*** Opening Data shown ***

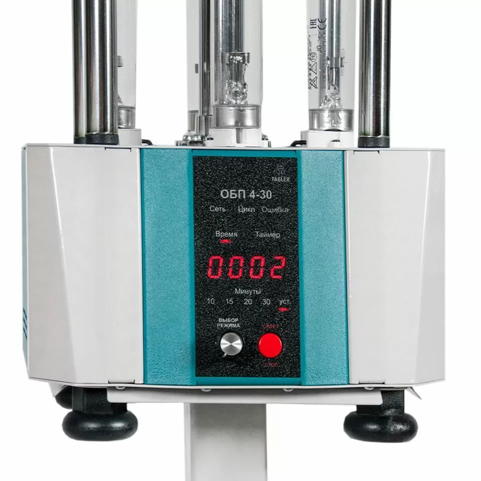 Реакция живой микробной клетки на ультрафиолетовое излучение не одинакова для различных длин волн. В TAGLER ОБП 4-30 используются четыре ртутных разрядных лампы низкого давления мощностью 30 Вт каждая. Они дают коротковолновое излучение с максимумом при длине волны 253,7 нм, излучение с такой длиной волны наиболее эффективно разрушает микроорганизмы.
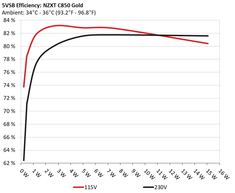 This graph depicts the efficiency levels of the 5VSB rail with 115V and 230V input
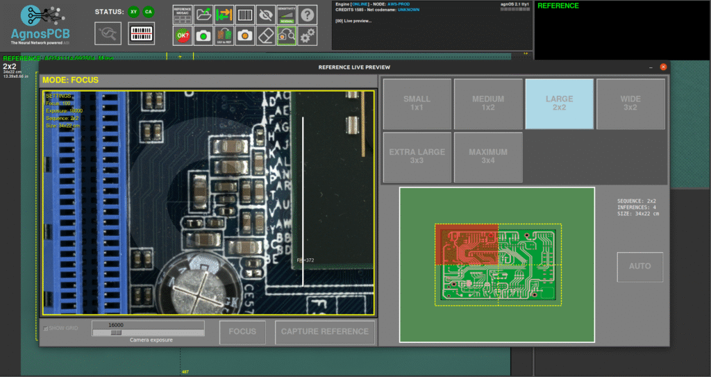 Acquisisce una foto di un PCBA/pannello dell’unità in ispezione. Se il pulsante di elaborazione automatica è attivo, l’ispezione si avvierà automaticamente una volta scattata l’immagine UUI. Questa funzione può essere attivata premendo il tasto S della tastiera.
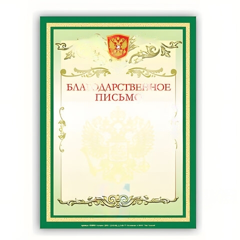 Грамота "Благодарственное письмо" А4, мелованный картон, зеленая, BRAUBERG, 122093
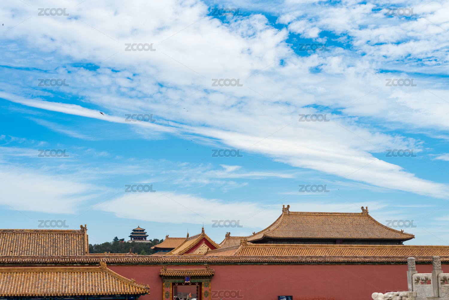 蓝天白云下北京故宫的歇山顶、红墙黄瓦
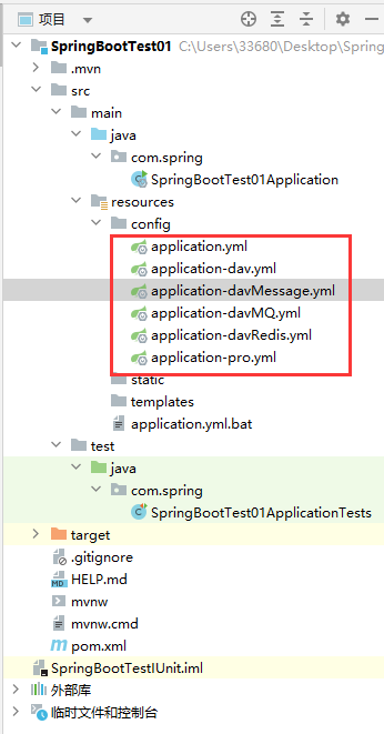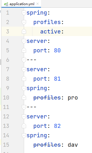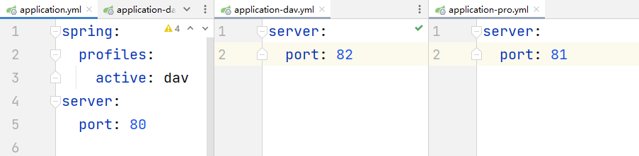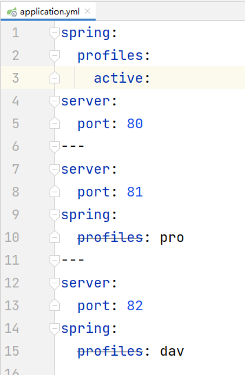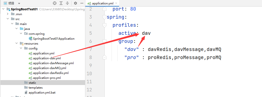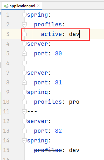 注意我这里的文件名:application-xxx.yml,这里需要着重说一下文件名,因为我们在配置文件中并没有标注环境的唯一标识,那么文件的后缀,也就是xxx的部分就是我们环境的唯一标识,当我们想要启动这个配置文件的时候,使用它来定位唯一的环境变量,比如我们要启动application-dav.xml这套环境,那么我们就需要将spring.profiles.active的值修改成dav:
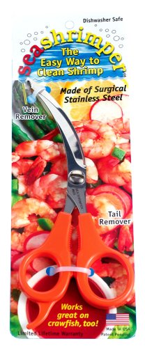 These scissors are a must have for anyone who loves shrimp and crawfish. The days of having to use a dangerous kitchen knife to remove shells, tails or veins are over. Harold Imports shrimper is made of surgical steel and will cut through your seafood like butter. They have a curved blade that matches the contour of a shrimp. Plus, they have a unique vein removing tip. Nothing beats the wonderful taste of shrimp and crawfish and nothing compares to Harold Imports powerful and easy to use shrimpe

*** Closing Data shown ***

### Directions for this task
Could you write out exactly the lines of the data above that run from the one holding "蓝天白云下北京故宫的歇山顶、红墙黄瓦" to the one holding "注意我这里的文件名:appl", with both ends in and all pictures out?

### Written solution
 蓝天白云下北京故宫的歇山顶、红墙黄瓦
 注意我这里的文件名:application-xxx.yml,这里需要着重说一下文件名,因为我们在配置文件中并没有标注环境的唯一标识,那么文件的后缀,也就是xxx的部分就是我们环境的唯一标识,当我们想要启动这个配置文件的时候,使用它来定位唯一的环境变量,比如我们要启动application-dav.xml这套环境,那么我们就需要将spring.profiles.active的值修改成dav:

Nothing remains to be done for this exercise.